:: DATA FOR THIS TASK

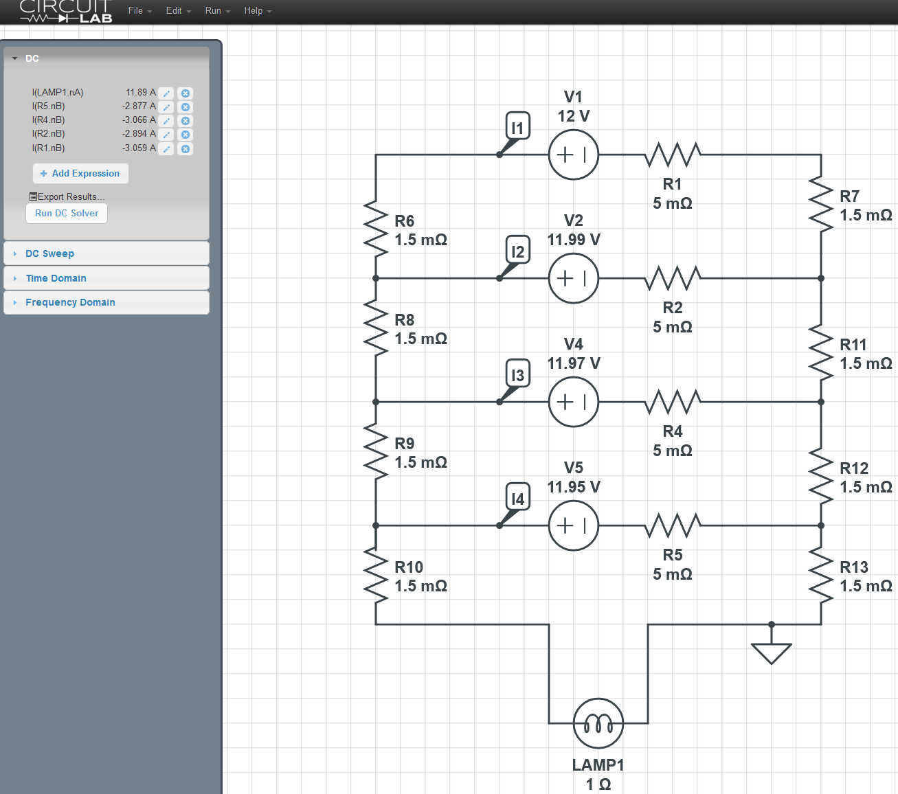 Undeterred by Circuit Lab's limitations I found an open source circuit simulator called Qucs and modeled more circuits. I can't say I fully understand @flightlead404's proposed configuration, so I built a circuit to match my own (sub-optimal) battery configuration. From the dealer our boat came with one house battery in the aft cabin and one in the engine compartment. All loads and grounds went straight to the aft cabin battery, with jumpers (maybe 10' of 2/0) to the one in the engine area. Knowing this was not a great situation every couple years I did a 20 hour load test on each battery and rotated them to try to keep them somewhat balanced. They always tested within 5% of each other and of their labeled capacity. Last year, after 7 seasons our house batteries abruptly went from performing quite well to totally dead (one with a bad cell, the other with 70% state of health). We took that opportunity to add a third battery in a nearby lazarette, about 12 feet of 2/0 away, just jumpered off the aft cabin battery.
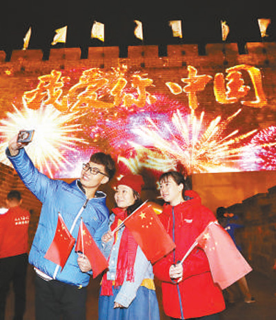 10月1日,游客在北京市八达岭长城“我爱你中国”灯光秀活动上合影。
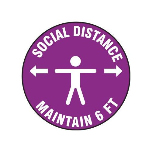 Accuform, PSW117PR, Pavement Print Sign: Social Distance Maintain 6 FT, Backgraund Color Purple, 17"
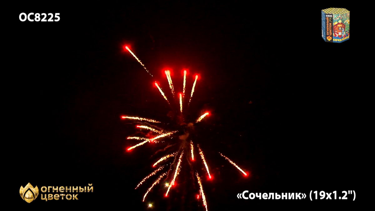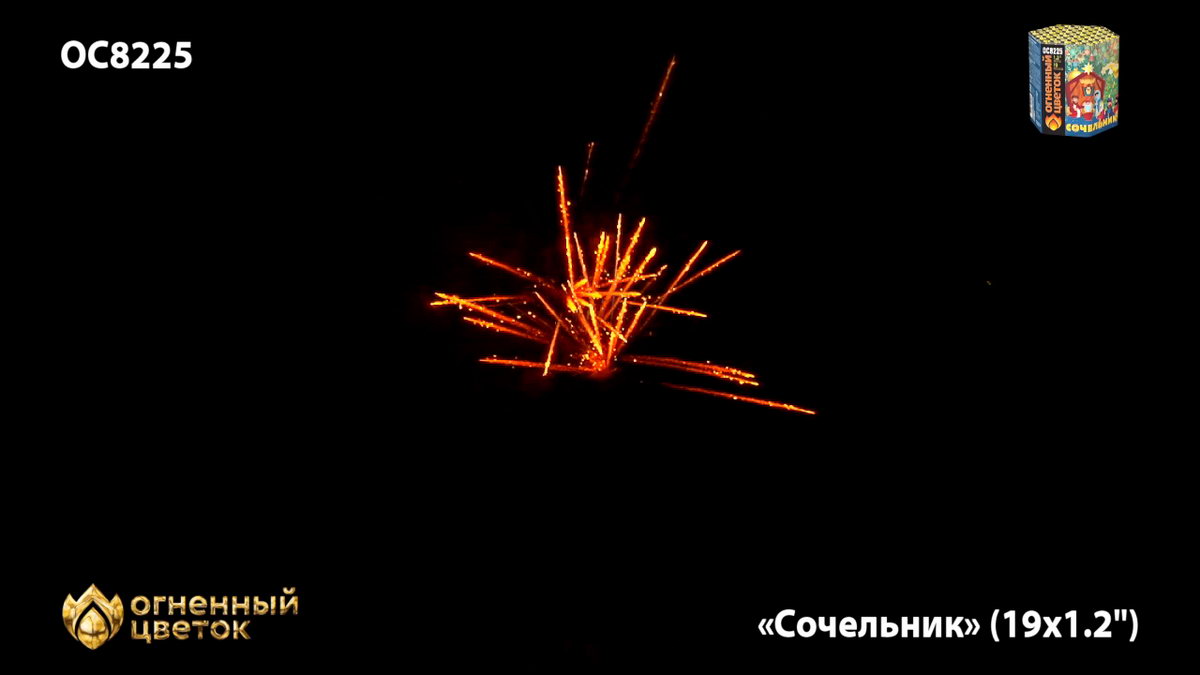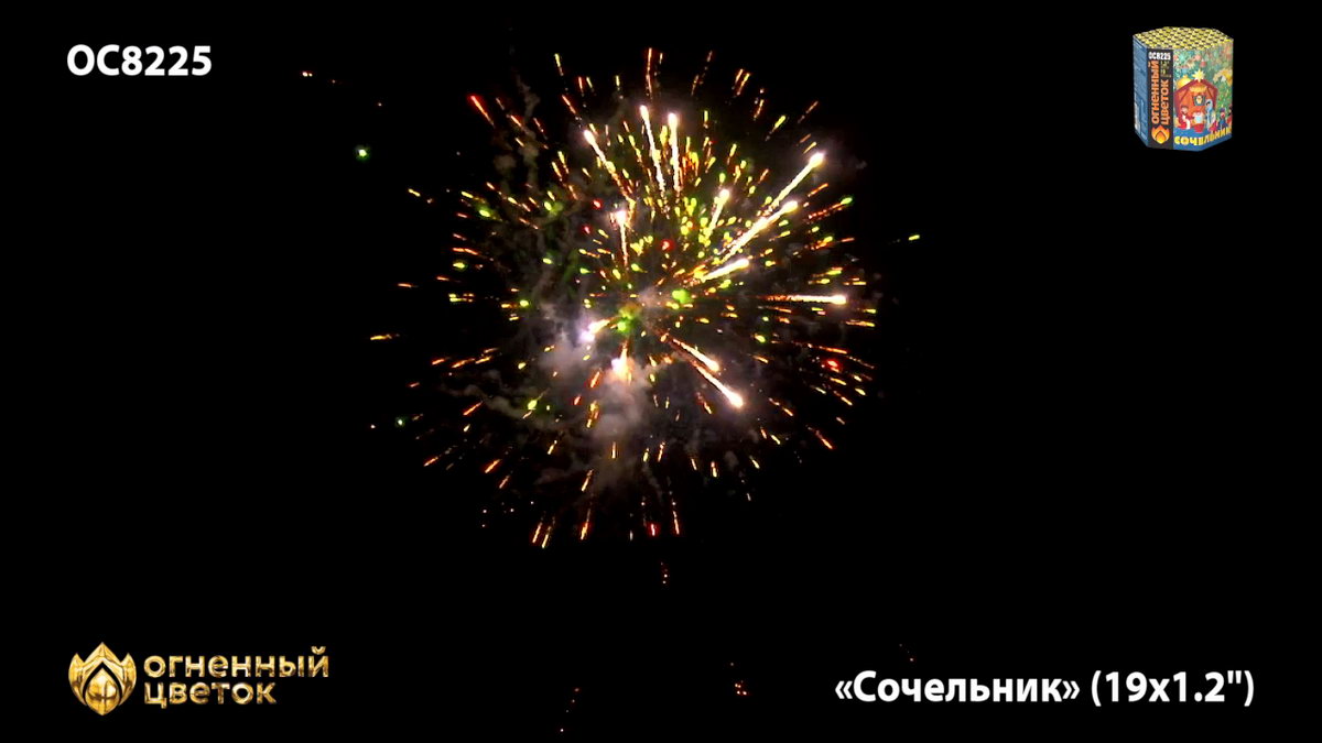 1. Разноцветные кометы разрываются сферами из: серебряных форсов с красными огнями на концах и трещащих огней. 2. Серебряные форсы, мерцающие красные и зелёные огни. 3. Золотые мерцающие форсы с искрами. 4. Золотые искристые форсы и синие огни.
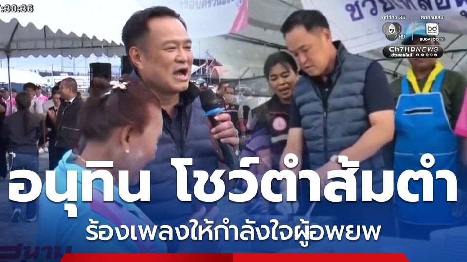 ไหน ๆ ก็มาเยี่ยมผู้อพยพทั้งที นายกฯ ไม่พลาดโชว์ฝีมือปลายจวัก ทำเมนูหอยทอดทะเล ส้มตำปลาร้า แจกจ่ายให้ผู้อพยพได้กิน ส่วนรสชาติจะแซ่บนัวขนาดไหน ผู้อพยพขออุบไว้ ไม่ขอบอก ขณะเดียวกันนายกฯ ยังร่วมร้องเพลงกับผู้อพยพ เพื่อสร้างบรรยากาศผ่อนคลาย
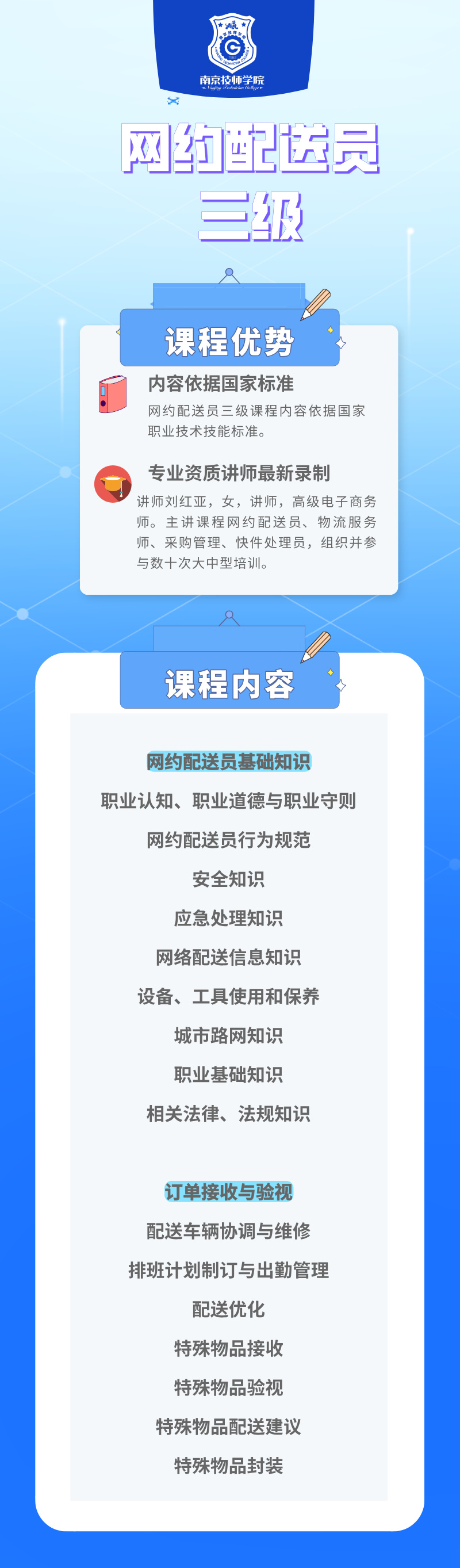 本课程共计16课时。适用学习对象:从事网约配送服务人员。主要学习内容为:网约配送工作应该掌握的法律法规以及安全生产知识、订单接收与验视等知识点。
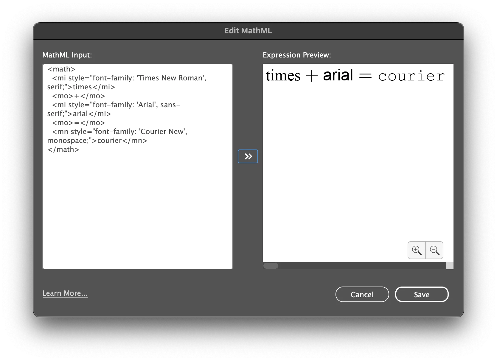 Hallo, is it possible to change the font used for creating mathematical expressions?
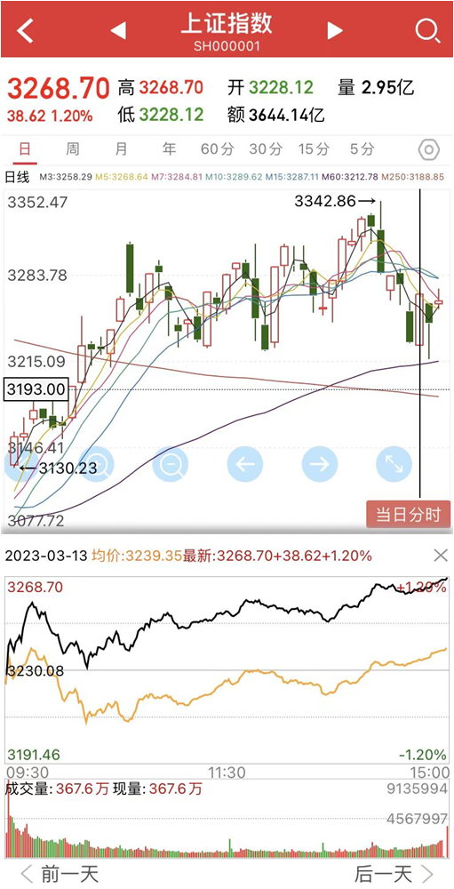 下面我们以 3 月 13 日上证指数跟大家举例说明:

::::

▶ _EXERCISE DIRECTIONS_:
Leave the pictures aside and print exactly, and only, the lines from the one with "ไหน ๆ ก็มาเยี่ยมผู้อพยพทั้งที" through the end of the data, both included.

▶ _RESPONSE TO THE TASK_:
 ไหน ๆ ก็มาเยี่ยมผู้อพยพทั้งที นายกฯ ไม่พลาดโชว์ฝีมือปลายจวัก ทำเมนูหอยทอดทะเล ส้มตำปลาร้า แจกจ่ายให้ผู้อพยพได้กิน ส่วนรสชาติจะแซ่บนัวขนาดไหน ผู้อพยพขออุบไว้ ไม่ขอบอก ขณะเดียวกันนายกฯ ยังร่วมร้องเพลงกับผู้อพยพ เพื่อสร้างบรรยากาศผ่อนคลาย
 本课程共计16课时。适用学习对象:从事网约配送服务人员。主要学习内容为:网约配送工作应该掌握的法律法规以及安全生产知识、订单接收与验视等知识点。
 Hallo, is it possible to change the font used for creating mathematical expressions?
 下面我们以 3 月 13 日上证指数跟大家举例说明:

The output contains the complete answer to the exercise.